In vivo and in vitro incorporation of endogenous nucleotides by the energy-transducing ATPase of Streptococcus faecalis.

The soluble ATPase isolated from Streptococcus faecalis membranes containing tightly bound endogenous nucleotides do not exchange in the presence of ATP and Mg+2 added during the purification of the enzyme. In this paper the stoichiometry of endogenous nucleotides in the soluble ATPase obtained from (a) growing cells, (b) nongrowing glycolyzing cells, and (c) isolated cell membranes has been defined. The time course of incorporation was also studied in nongrowing, glycolyzing cells and isolated cell membranes. In all cases, 1-2 mol of nucleotide was bound per mol of enzyme. Maximal incorporation required approximately 1 h at 38 degrees C. Incorporation of cytoplasmic nucleotide into the enzyme occurred by a process of slow exchange for bound nucleotide.
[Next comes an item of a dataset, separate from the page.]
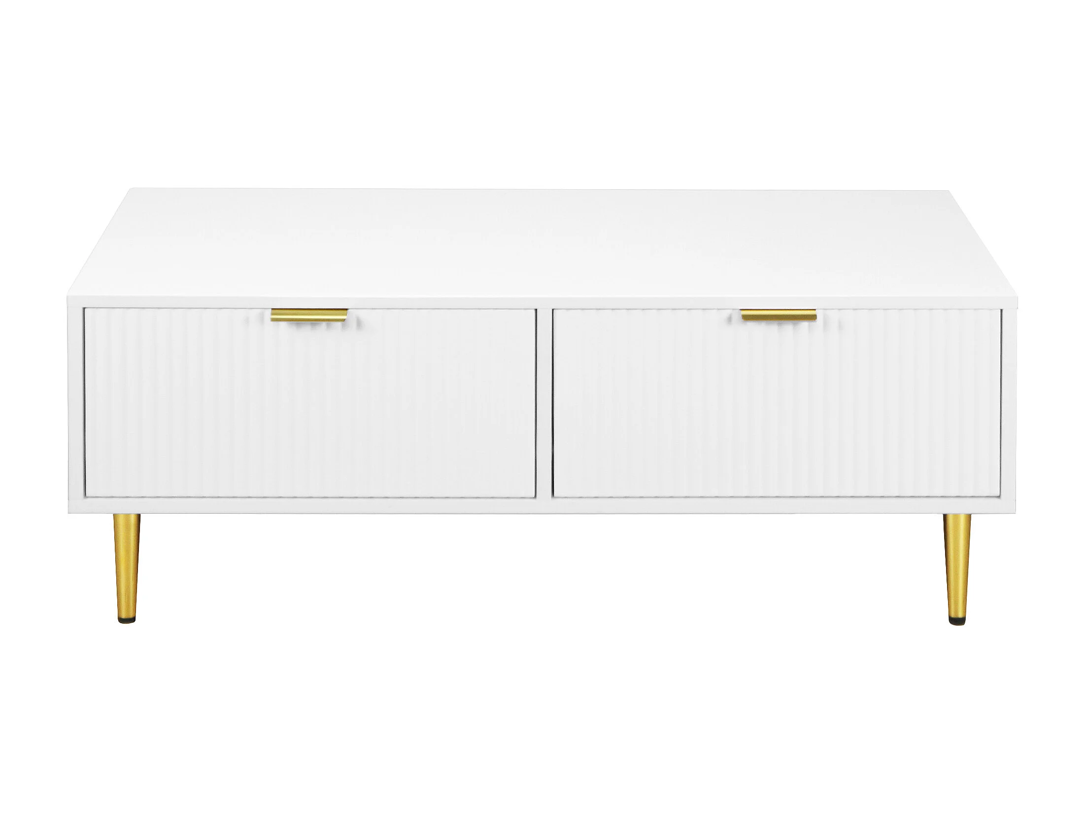 Table basse moderne avec 2 tiroirs, MDF, blanche avec accents dorés (100x50x40cm)

N,N'-dicyclohexylcarbodiimide, which inhibits the membrane-bound ATPase and prevents generation of the protonmotive force, had no effect on incorporation of endogenous nucleotides in glycolyzing cells. Treatment of glycolyzing cells with gramicidin D plus K+, which dissipates the protonmotive force but has no effect on ATPase activity, did not inhibit incorporation of nucleotide. These results support the view that the slow exchange-incorporation of endogenous nucleotide(s) is independent of ATP hydrolysis and a protonmotive force. An in vitro system for the study of nucleotide binding at endogenous sites is described.